Nagram/TMessagesProj/jni/voip/webrtc/absl/random/internal/fastmath.h
2022-03-11 19:49:54 +03:00

58 lines
1.9 KiB
C++

// Copyright 2017 The Abseil Authors.
//
// Licensed under the Apache License, Version 2.0 (the "License");
// you may not use this file except in compliance with the License.
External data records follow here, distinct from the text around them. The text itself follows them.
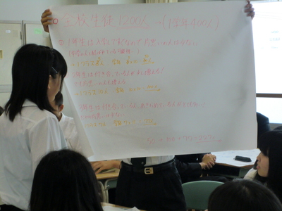 ②フェルミ推定(実際に調査するのが難しいとらえどころのない量を、いくつかの手掛かりをもとに論理的に推論し、短時間で概算)→「専大附属の学内で片思いしている人は何人いるでしょうか?」
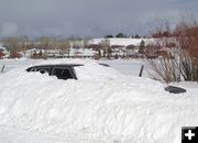 As we made our drive around the neighborhood today, there were lots of folks out with snowblowers and 4-wheelers with blades on the front moving snow out of driveways and sidewalks. It was wonderful to see people showing their caring nature by taking extra time to pop next door to clear out the deep snowpiles in the driveways saving hours of back-breaking hand shoveling for their neighbors. We saw big town graders out working on the snow, snow plows, big pickup trucks with blades in front, medium sized pickup trucks with snowblades, a cute little mini-sized front end loader making the rounds clearing snowpiles, and many people outside with hand shovels and exhausted expressions clearing snow from their lots.
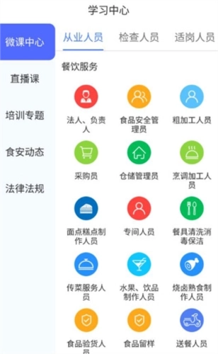进入课程模块后,根据培训人员相关属性,选择相关类别人员学习课程。如点击“从业人员”或“检查人员”,可看到餐饮行业从业人员和检查人员相关培训课程,点击相应课程,即可进入“课程列表”,点击课程列表中的课程,进入课程的学习。
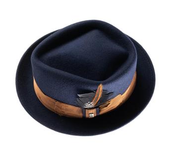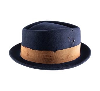 Ce porkpie revisite les codes du classique avec une touche d’audace assumée. Confectionné dans un feutre de laine à la belle densité, il dévoile une allure volontairement patinée, presque cinématographique.
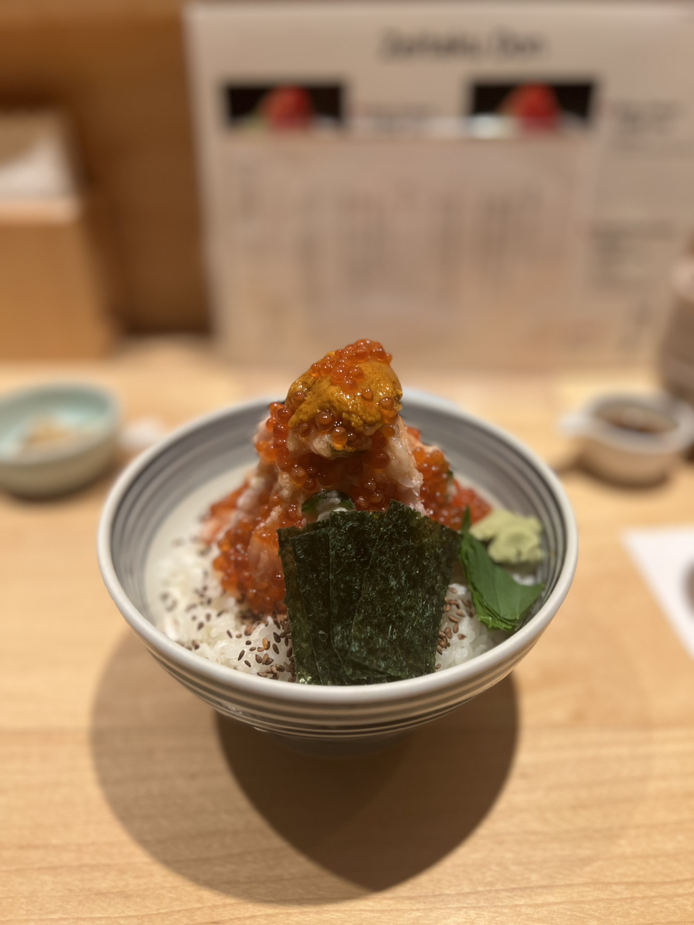 드디어 나타난 츠지한의 카이센동! 우니가 가장 위에 올라가 있고, 연어알이 고명처럼 해산물 산 위에 뿌려져 있는 이 카이센동의 자태는 영롱했다. 맛이 없으래야 없을 수 없는 비주얼이었다.
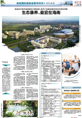 近年来,海南积极打造医疗康养旅游这一旅游业态。随着海南博鳌乐城国际医疗旅游先行区、中国人民解放军总医院 (301 医院 ) 海南分院、三亚中医院国际友好中医康复疗养院等一批具有国内先进水平的医疗机构的建成、升级,海南医疗康养旅游建设不断加快,温泉SPA、中医按摩等康养产品已成为海南旅游新的吸引物,受到越来越多国内外游客的青睐。
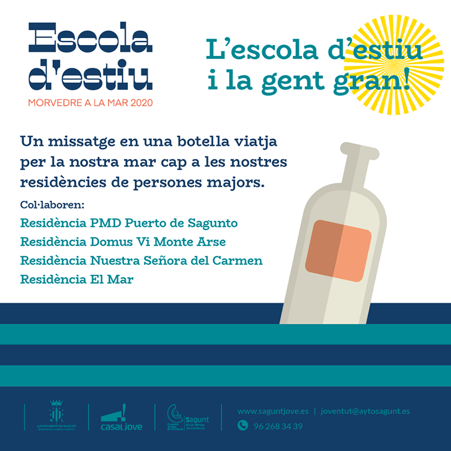 La otra iniciativa es ‘L’escola d’estiu i la gent gran’, es una idea de apoyo y afecto a la población mayor que vive en las residencias de Sagunto. Cabe recordar que durante el confinamiento, la concejalía de Juventud e Infancia ya inició una colaboración con los equipos de los centros para aliviar el sufrimiento provocado por la falta de visitas y la incertidumbre por el virus, acercando la población infantil y juvenil a la gente mayor.
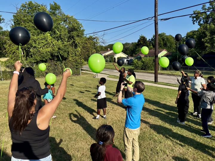 Parents and children released black and green balloons during a Parent Shield–hosted event in Fort Worth — a symbolic gesture of hope for improved reading rates across the city.

// You may obtain a copy of the License at
//
// https://www.apache.org/licenses/LICENSE-2.0
//
// Unless required by applicable law or agreed to in writing, software
// distributed under the License is distributed on an "AS IS" BASIS,
// WITHOUT WARRANTIES OR CONDITIONS OF ANY KIND, either express or implied.
// See the License for the specific language governing permissions and
// limitations under the License.
#ifndef ABSL_RANDOM_INTERNAL_FASTMATH_H_
#define ABSL_RANDOM_INTERNAL_FASTMATH_H_
// This file contains fast math functions (bitwise ops as well as some others)
// which are implementation details of various absl random number distributions.
#include <cassert>
#include <cmath>
#include <cstdint>
#include "absl/numeric/bits.h"
namespace absl {
ABSL_NAMESPACE_BEGIN
namespace random_internal {
// Compute log2(n) using integer operations.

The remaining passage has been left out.